A few weeks ago I wrote to Johan and now I will write to you again. I should have written before to announce the birth of our son, but I did not get around to it. I will now tell you all about what happened when I gave birth to our little boy. It was Saturday, October 12th , when Eline and Iver held their wedding. It was to be in the evening, with dancing at night. I felt well when they were leaving. I had not thought of going myself. Mathias said he could also stay home, but I wanted him to go because I did not think I would give birth before the beginning of November. And so he left. I had done a lot that day. I baked lefse and I baked Jewish cakes and I cleaned the house. When I was done at my place I went over to our neighbor, Sorlien, and milked their three cows, as Kari was also at the wedding. But her husband and children were at home. When I came home my back ached and I felt tired. At nine I wanted to go to bed. But then I got so cold my teeth started chattering even though the room was far from cold. I got up again and put more wood in the stove, but did not go to bed again. I was up and on my own until midnight. Then I walked over to Jane Sorlien as it was a moonlit night, and I asked him to go to Mathias and tell him I had become ill. He left and soon both Mathias and Kari Sorlien returned. I then grew worse and worse. But I was not in hard labor until the morning. At six labor started. At eight Mathias sent for the doctor. He doesn't live further away than he could have made it in a couple of hours. But at ten it was over without the doctor. But then the placenta didn't come. So we waited for the doctor all day, but he was away somewhere else and did not come to me until late in the evening. But I was not so sick. I was soon well again, but did not get up until eight days later as I had Sina Kankerud to look after me. When the boy was five weeks we had him christened. And you will be surprised to hear I called him Axel. But Mathias liked the name and so we called him that. Nils Ostreng and his wife were at Eline's wedding and the day after Axel was born they visited me, too. Axel was big when he was born. And now at seven weeks he has grown big and heavy, but he is not completely well right now. He has an earache, so he is in a bad mood. I have to sit holding him as I write this letter, so my handwriting is bad.

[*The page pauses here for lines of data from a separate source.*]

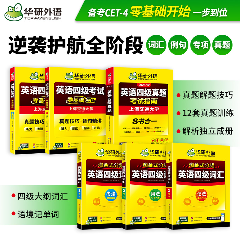 华研外语四级英语考试历年真题试卷词汇单词书乱序版 听力阅读翻译写作零基础强化专项训练备考2025大学英语四级学习资料全套4级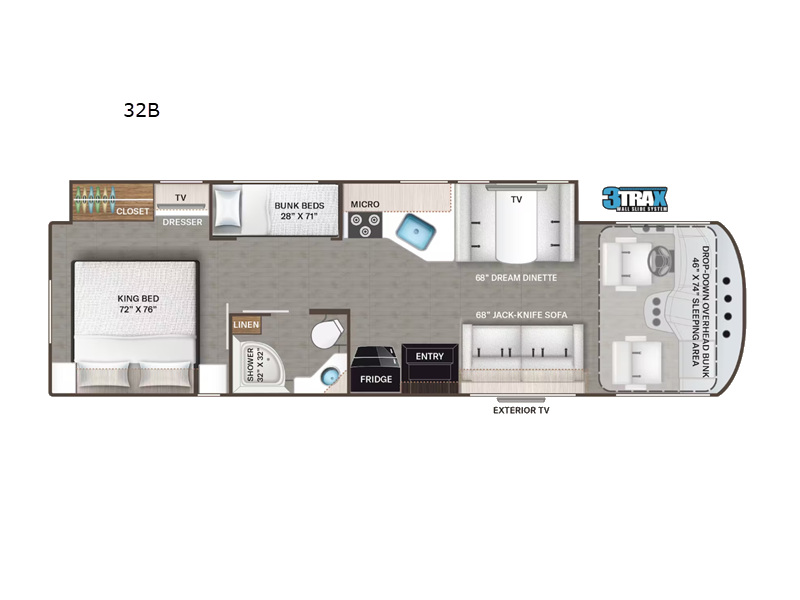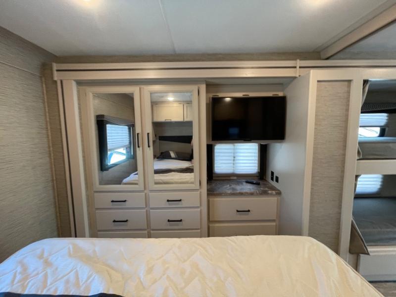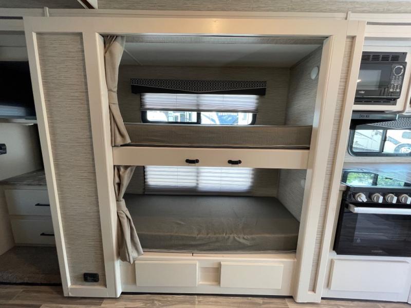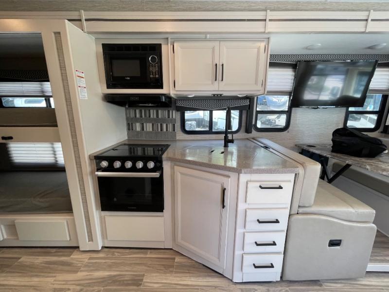 If you're looking for a coach with a larger sleeping capacity and added interior space, you've found it in this Resonate 32B! Once the full-wall slide is extended you can dine at the Dream Dinette or relax on the jack-knife sofa that sits directly across from the 39" LED TV. The little ones will love the drop-down overhead bunk and bunk beds, plus the full bath is right across the bunks for easy nighttime use. You will have the rear private bedroom all to yourselves with a king bed and your own 32" TV, and any other guests can sleep on the living area furniture. In the morning you can whip up a hearty breakfast on the three burner cooktop, or use the microwave oven for instant oatmeal if you're on the go. You can spend your day hiking or swimming, or you may just want to visit under the 19' power awning with LED lights and watch the game on the exterior TV!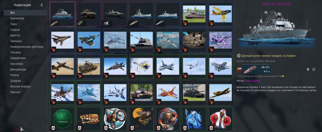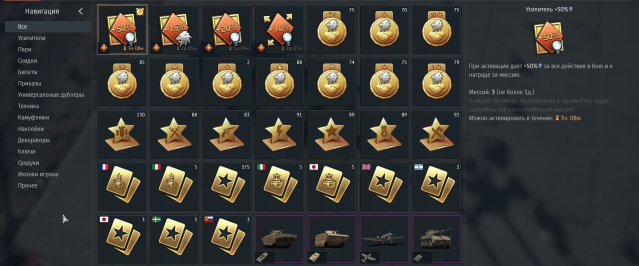 Стоимость той техники, которая есть на моем аккаунте, и которая сейчас продается на бирже — составляет порядка 2 300 — 2 400 ГК. Стоимость пакетной техники, которая есть на данном аккаунте под 70 000 рублей. На покупку золотых орлов было потрачено тоже весьма немало.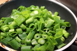 - wash escallion, cut it into pieces, fry in a pan with some drops olive oil
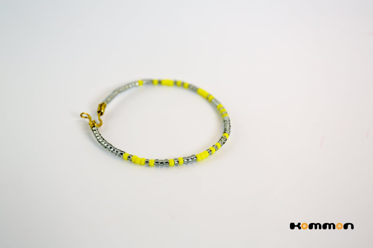 ヤマハのR6やR25に採用されているホワイトメタリック×イエローのイメージでシンプルにシルバーメタリック×黄色の2色のビーズで組み上げました。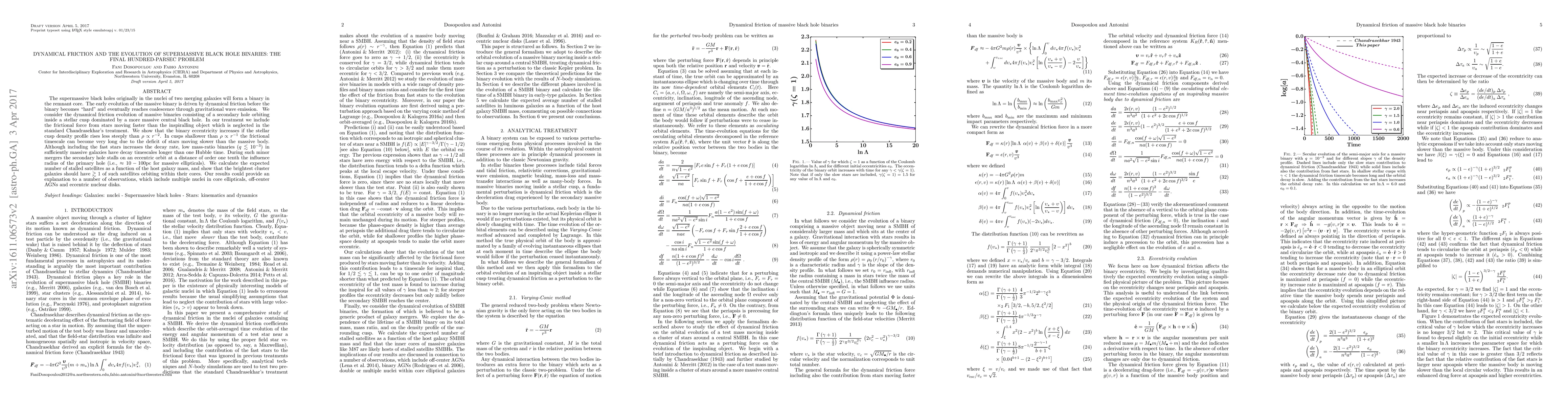 The supermassive black holes originally in the nuclei of two merging galaxies will form a binary in the remnant core. The early evolution of the massive binary is driven by dynamical friction before the binary becomes "hard" and eventually reaches coalescence through gravitational wave emission. { We consider the dynamical friction evolution of massive binaries consisting of a secondary hole orbiting inside a stellar cusp dominated by a more massive central black hole.} In our treatment we include the frictional force from stars moving faster than the inspiralling object which is neglected in the standard Chandrasekhar's treatment. We show that the binary eccentricity increases if the stellar cusp density profile rises less steeply than $\rho\propto r^{-2}$. In cusps shallower than $\rho\propto r^{-1}$ the frictional timescale can become very long due to the deficit of stars moving slower than the massive body. Although including the fast stars increases the decay rate, low mass-ratio binaries ($q\lesssim 10^{-3}$) in sufficiently massive galaxies have decay timescales longer than one Hubble time. During such minor mergers the secondary hole stalls on an eccentric orbit at a distance of order one tenth the influence radius of the primary hole (i.e., $\approx 10-100\rm pc$ for massive ellipticals). We calculate the expected number of stalled satellites as a function of the host galaxy mass, and show that the brightest cluster galaxies should have $\gtrsim 1$ of such satellites orbiting within their cores. Our results could provide an explanation to a number of observations, which include multiple nuclei in core ellipticals, off-center AGNs and eccentric nuclear disks.

Sina has moved out again. She is at the hotel here in Curtiss. I had thought she could have been here this winter. But as Mathias is away in the woods he got a fifteen year old boy, Arne Olsen's son, to be here with me and look after the cattle. Because now Mathias has bought another cow that had a calf this fall. He bought the calf too, a heifer. So we have four animals this winter. And as the cow I already had, who will be calving in April, still milks a lot, you can imagine I have enough milk this winter.

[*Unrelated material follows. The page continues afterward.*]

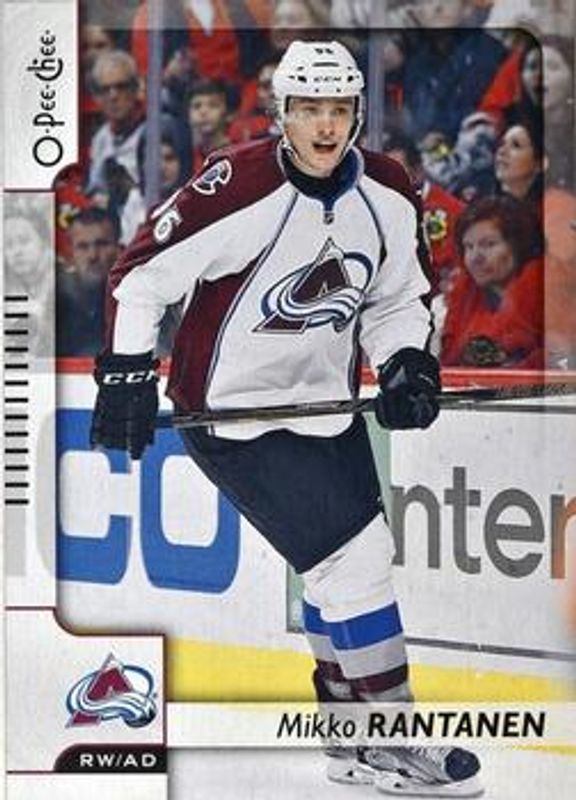The Mikko Rantanen 2017 O-Pee-Chee #42 Base card is 1 of 11 Mikko Rantanen's card variations in the 2017 O-Pee-Chee set being tracked by Sports Card Investor, including Rainbow Foil, Red, Retro, Retro Blank Back, and Black Rainbow Foil /100.

Mathias is no further away than he comes home every Saturday evening. I have received Ingeborg's letter and read that mother wonders if she will ever see me again. This is not impossible. If God will allow us to live long enough it might happen. I would love to show you little Axel. And how fun it would have been had I been close enough for you to come to me with porridge when Axel was born. I was given cakes and other goodies, but no porridge.
I here add my heartfelt greetings to everyone at the Voldslien farm. I promised Randi I would write, but nothing has become of it. I haven't written to Kristiane or Hanna either. I wonder if Kristiane is married? As we are getting close to Christmas when this letter arrives, I also want to wish you all a merry Christmas and a happy new year, as I will not be sending any more letters before Christmas. But in a few weeks I will write again. I hope this letter will find you healthy and well, and finally my dearest greetings to father and mother from me,
your daughter Randi

Write again soon and tell me all about how you are. You cannot imagine how much fun it is for me to receive a letter from you.